Intestinal disease in Hermansky-Pudlak syndrome: occurrence of colitis and relation to genotype

Abstract

Background & aims: Hermansky-Pudlak syndrome (HPS), a rare autosomal recessive disorder characterized by oculocutaneous albinism and platelet dysfunction, results from mutations in 1 of at least 7 different genes. Some patients develop a fatal pulmonary fibrosis and others a disabling colitis. This study aimed to document the occurrence of colitis among HPS patients, characterize gastrointestinal tract involvement in HPS, and analyze the distribution of colitis among HPS genotypes.

Methods: Of the 122 HPS patients followed at the National Institutes of Health Clinical Center between 1993 and 2005, 24 were evaluated by endoscopy for gastrointestinal complaints. The histology of gastrointestinal biopsies was retrospectively examined to assess for inflammatory changes, granulomata, and pigmented macrophages. These data were compared with symptoms and HPS genetic subtypes.
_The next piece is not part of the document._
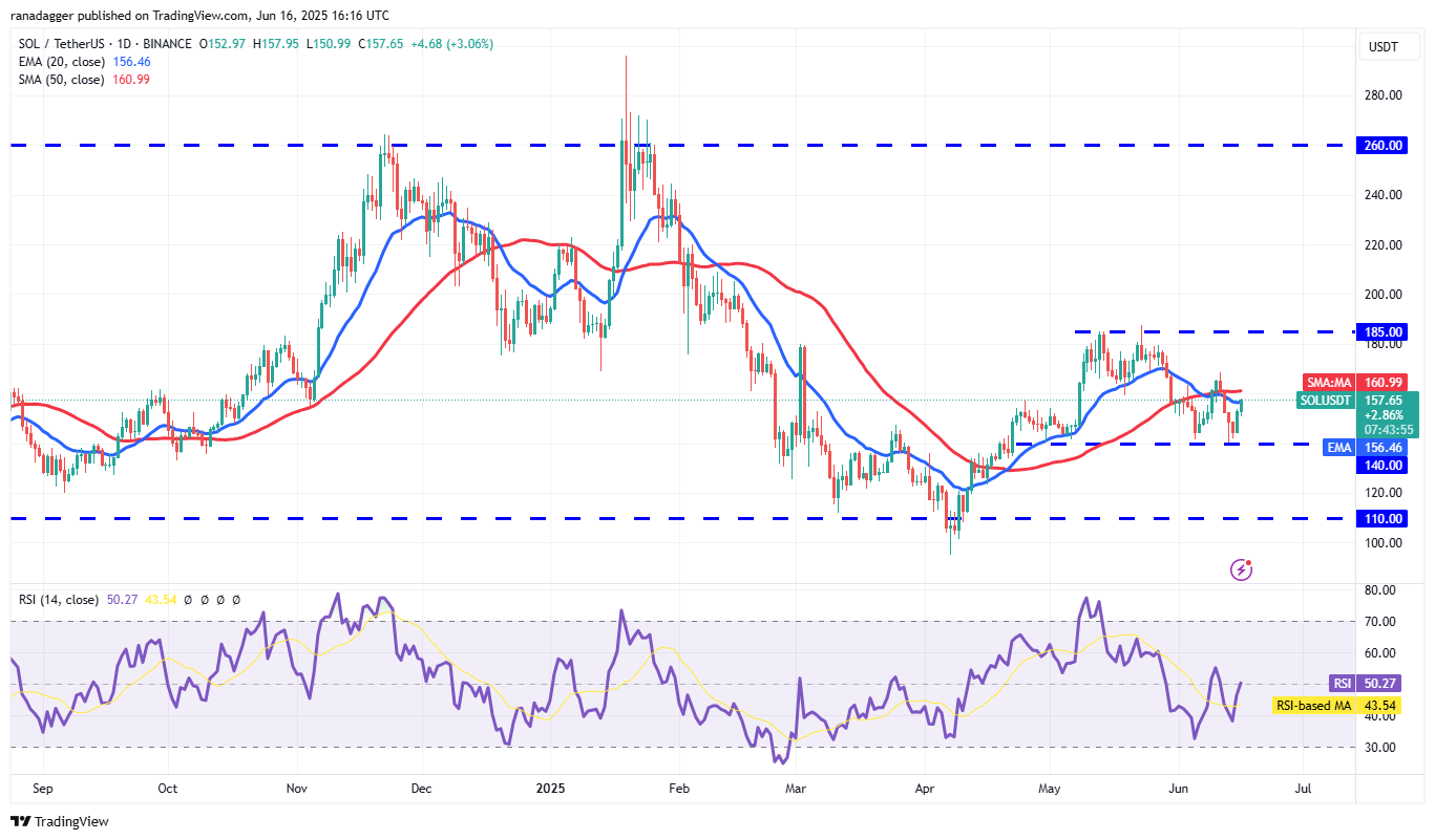 Solana (SOL) bounced off the $140 support on Saturday and reached the moving averages on Monday, indicating solid buying at lower levels.

Results: At colonoscopy, 7 of 23 patients (30%) had endoscopic mucosal abnormalities, including nodularity, erythema, petechiae, or erosions. Six of these 7 patients (86%) had findings of colitis on biopsy. Of the 16 patients with normal-appearing colonic mucosa, 2 patients (12%) had colitis on biopsy. Pigmented macrophages were also observed in the colonic lamina propria in 16 of the 23 patients (70%). Of the 8 patients with confirmed colitis, 7 had the HPS-1 subtype, and 1 had the HPS-4 subtype.

Conclusions: There is an increased frequency of colitis in our population of 122 HPS patients (8/122, 7%) and in HPS patients referred specifically for symptom evaluation (8/24, 33%). Colitis was found in patients with HPS-1 and HPS-4 genotypes.